R-base also provides import functions. These have similar names to those in the tidyverse, for example read.table, read.csv and read.delim. However, there are a couple of important differences. To show this we read-in the data with an R-base function:

dat2 <- read.csv(filename)

An important difference is that the characters are converted to factors:

class(dat2$abb)
#> [1] "factor"
class(dat2$region)
#> [1] "factor"

This can be avoided by setting the argument stringsAsFactors to FALSE.

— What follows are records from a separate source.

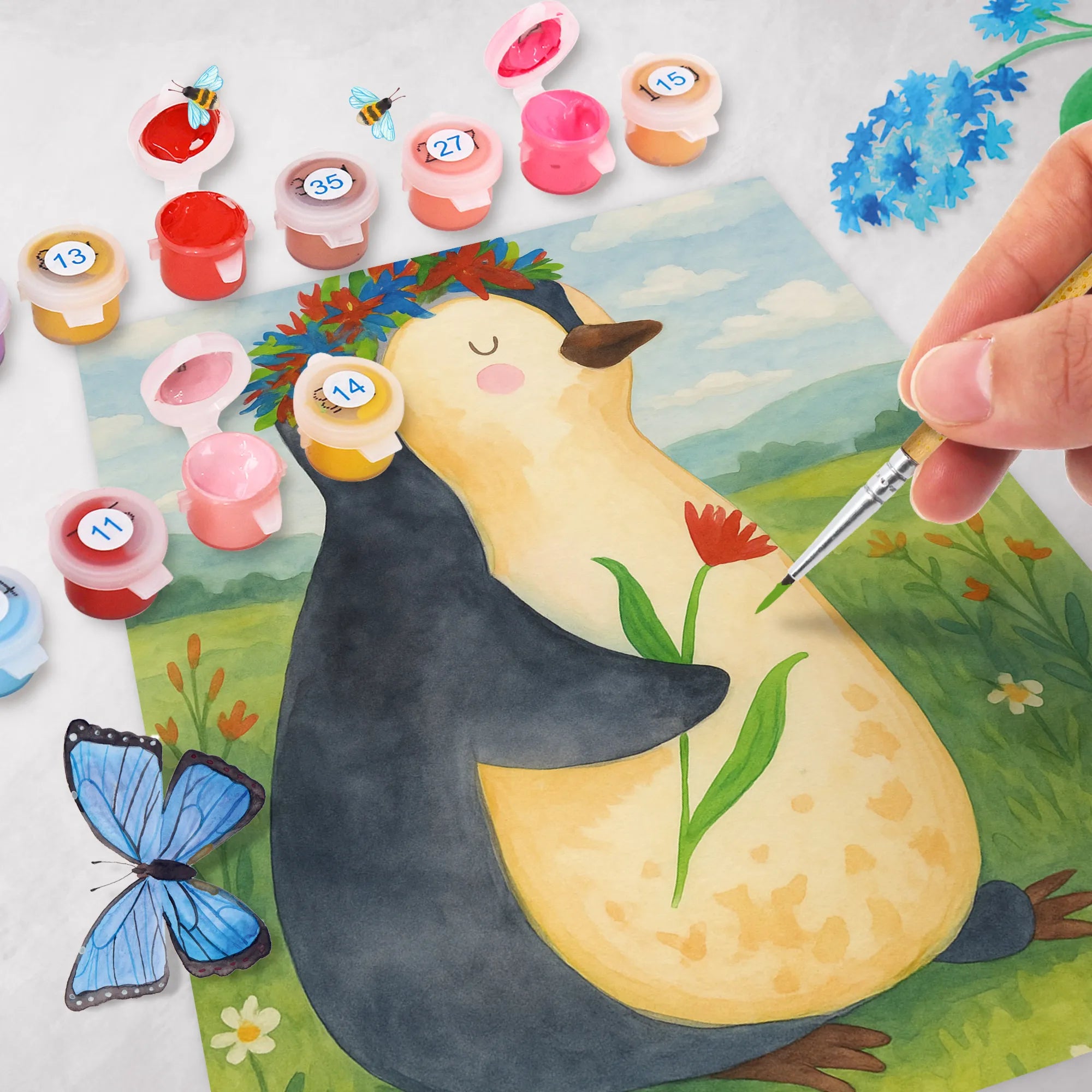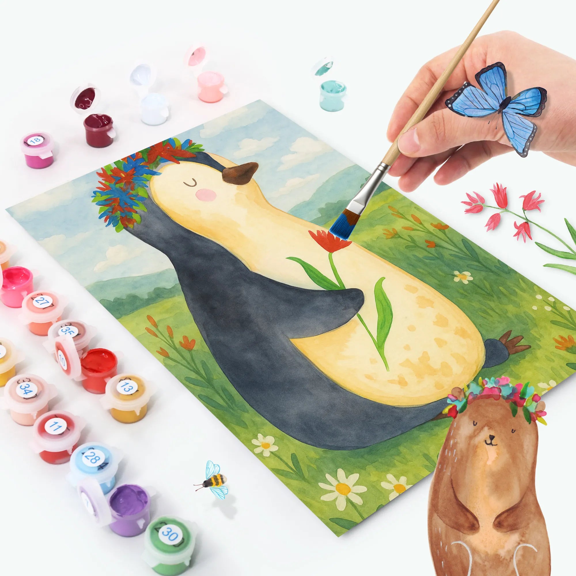 Malowanie według numerów pingwin kwiaty Design – Mr. & Mrs. Panda
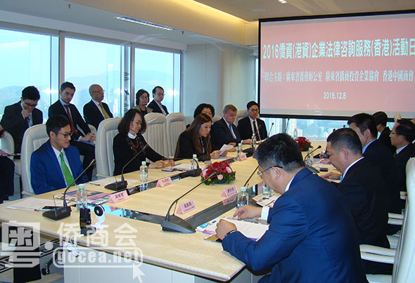 广东省侨办副主任郑建民、香港中国商会副会长叶子,香港中国商会副秘书长普慧艳,“广东省侨办为侨资企业服务法律顾问团” 律师谢娟、崔军、黄东伟、黄振辉等出席活动。香港中国商会常务副会长、创会会长陈丹丹主持活动。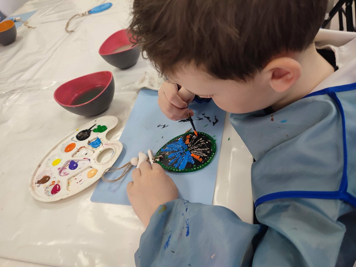2026 m. kovo 25 d. Šiaulių kultūros centre „Riešutėliai“ grupės vaikai kartu su ikimokyklinio ugdymo mokytoja Vaida Vaičiuviene, mokinio padėjėja Asta Kliminskiene ir mokytojos padėjėja Erika Šeškevičiene dalyvavo edukaciniame užsiėmime „Velykų raštai“, kuriame susipažino su lietuvių etnokultūros dalimi, margučių marginimo tradicijomis. Tikslas – supažindinti vaikus su Velykų tradicijomis ir margučių raštais, skatinant jų kūrybiškumą ir meninę saviraišką. Vaikai tyrinėjo margučių raštų įvairovę, jų simboliką, sužinojo, kad kiekvienas ornamentas turi savo prasmę ir yra perduodamas iš kartos į kartą. Kūrybinio proceso metu patys margino molinius kiaušinius, rinkosi spalvas, kūrė savitus raštus, išbandė dekoravimo būdus. Ši patirtinė veikla ugdė vaikų kūrybiškumą, meninę raišką, stiprino ryšį su tautiniu paveldu, skatino pagarbą tradicijoms bei jų puoselėjimą. Vaikai bendradarbiavo, dalijosi idėjomis, patyrė džiugių emocijų, o sukurtus darbelius parsinešė kaip prasmingą Velykų simbolį.

dat <- read.csv("murders.csv", stringsAsFactors = FALSE)
class(dat$state)
#> [1] "character"

In our experience this can be a cause for confusion since a variable that was saved as characters in file is converted to factors regardless of what the variable represents. In fact, we highly recommend setting stringsAsFactors=FALSE to be your default approach when using the R-base parsers. You can easily convert the desired columns to factors after importing data.

`scan`

When reading in spreadsheets many things can go wrong. The file might have a multiline header, be missing cells, or it might use an unexpected encoding¹. We recommend you read this post about common issues found here: the-absolute-minimum-every-software-developer-absolutely-positively-must-know-about-unicode-and-character-sets-no-excuses²

With experience you will learn how to deal with different challenges. Carefully reading the help files for the functions discussed here will be useful. With scan you can read-in each cell of a file. Here is an example:

path <- system.file("extdata", package = "dslabs")
filename <- "murders.csv"
x <- scan(file.path(path, filename), sep=",", what = "c")
x[1:10]
#>  [1] "state"      "abb"        "region"     "population" "total"     
#>  [6] "Alabama"    "AL"         "South"      "4779736"    "135"

Note that the tidyverse provides read_lines, a similarly useful function.